AVAILABLE DATA ->
───

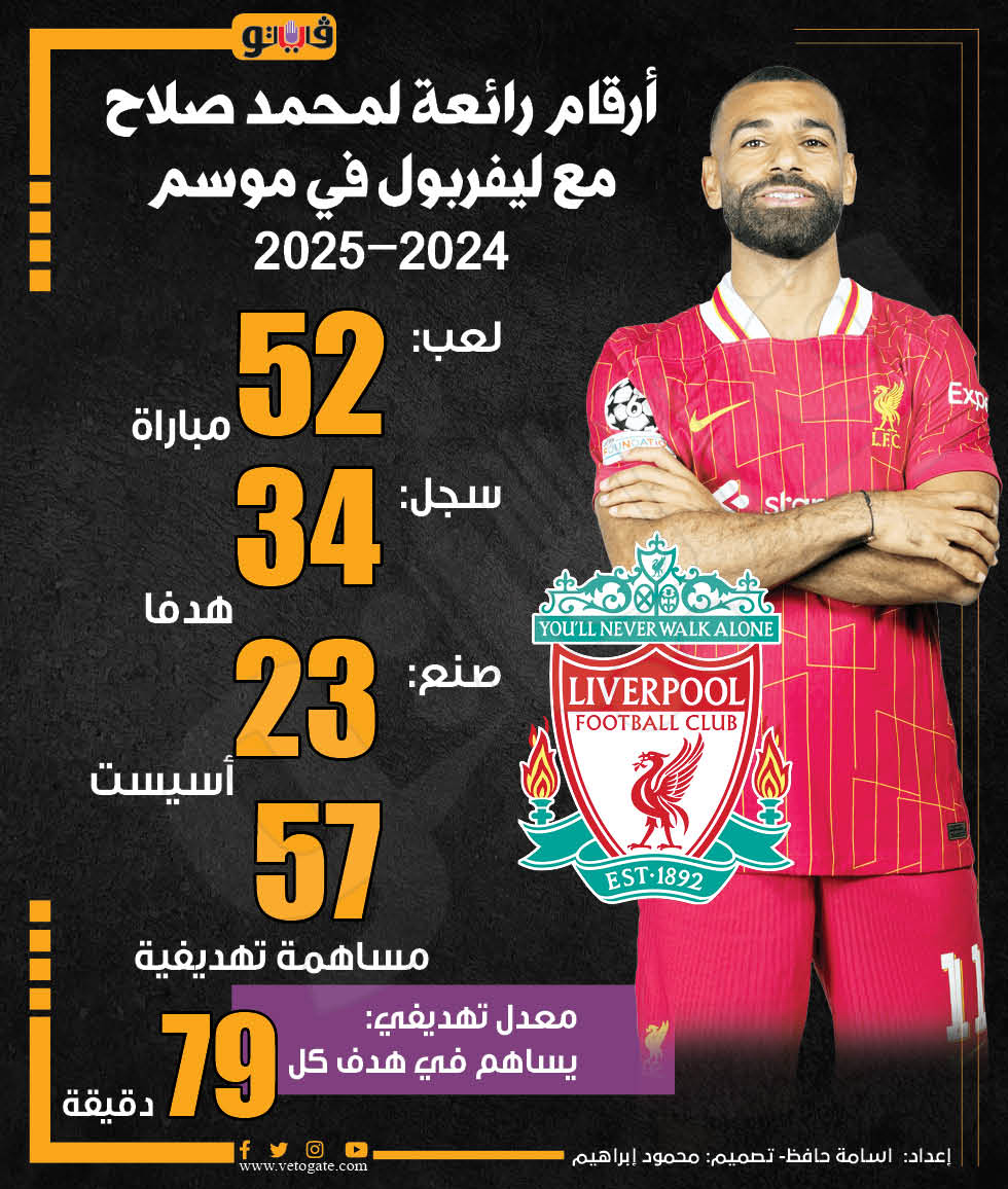 أرقام رائعة لمحمد صلاح مع ليفربول في موسم 2024-2025 (إنفوجراف)
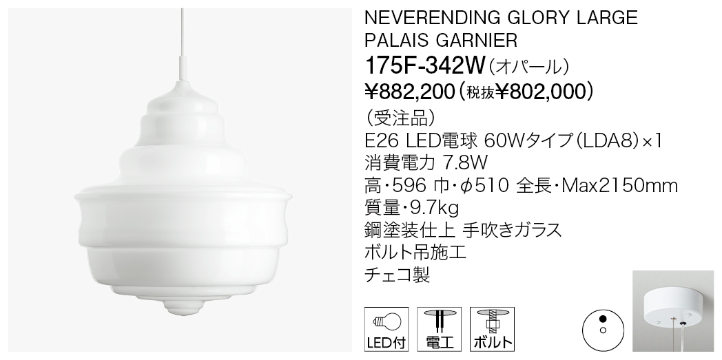 ネバーエンディンググローリーは、ノスタルジックな感情を反映するとともに、豪華な蝋燭のシャンデリアを新たな見方で解釈した作品です。そのフォルムは、世界で最も有名な5つのコンサートホールや劇場である、パリのガルニエ宮殿、ミラノのスカラ座、ニューヨークのメトロポリタン歌劇場、モスクワのボリショイ劇場、プラハのエステート劇場にあるシャンデリアのアウトラインを形どっています。
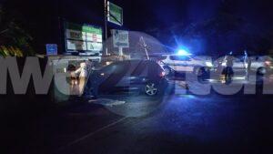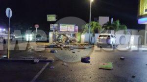 Diasabra madruga a drenta informe di un accidente na Ponton, mesora a dirigi un patruya na e sitio. Na yegada di e patruya a bin compronde cu aki ta trata di un Volkswagen bayendo direccion Oranjestad y a baha for di caminda na man robes bay dal un palo di lus kibra sigui bay dal muraya cu kashi coriente kibra. Afortunadamente ningun hende a resulta herida pero polis a detene e chauffeur pa hib’e test pa wak si ta bao influencia.
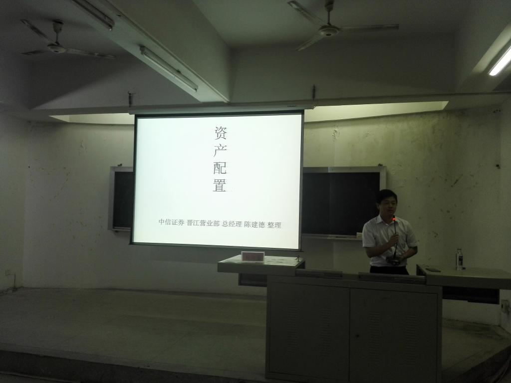 为了帮助同学们更好的了解金融市场的资产配置,了解其相关知识,2016年5月12日星期四晚上7点,在东二梯开展了关于此次金融证券投资大赛第四次也是最后一次培训讲座。本次讲座的主要围绕金融市场的资产配置展开,并特邀中信证券晋江营业部的总经理陈建德授课。

───

EXERCISE DIRECTIONS ->
Repeat the data word for word, minus any pictures.

OUTPUT FOR THIS TASK ->
 أرقام رائعة لمحمد صلاح مع ليفربول في موسم 2024-2025 (إنفوجراف)
 ネバーエンディンググローリーは、ノスタルジックな感情を反映するとともに、豪華な蝋燭のシャンデリアを新たな見方で解釈した作品です。そのフォルムは、世界で最も有名な5つのコンサートホールや劇場である、パリのガルニエ宮殿、ミラノのスカラ座、ニューヨークのメトロポリタン歌劇場、モスクワのボリショイ劇場、プラハのエステート劇場にあるシャンデリアのアウトラインを形どっています。
 Diasabra madruga a drenta informe di un accidente na Ponton, mesora a dirigi un patruya na e sitio. Na yegada di e patruya a bin compronde cu aki ta trata di un Volkswagen bayendo direccion Oranjestad y a baha for di caminda na man robes bay dal un palo di lus kibra sigui bay dal muraya cu kashi coriente kibra. Afortunadamente ningun hende a resulta herida pero polis a detene e chauffeur pa hib’e test pa wak si ta bao influencia.
 为了帮助同学们更好的了解金融市场的资产配置,了解其相关知识,2016年5月12日星期四晚上7点,在东二梯开展了关于此次金融证券投资大赛第四次也是最后一次培训讲座。本次讲座的主要围绕金融市场的资产配置展开,并特邀中信证券晋江营业部的总经理陈建德授课。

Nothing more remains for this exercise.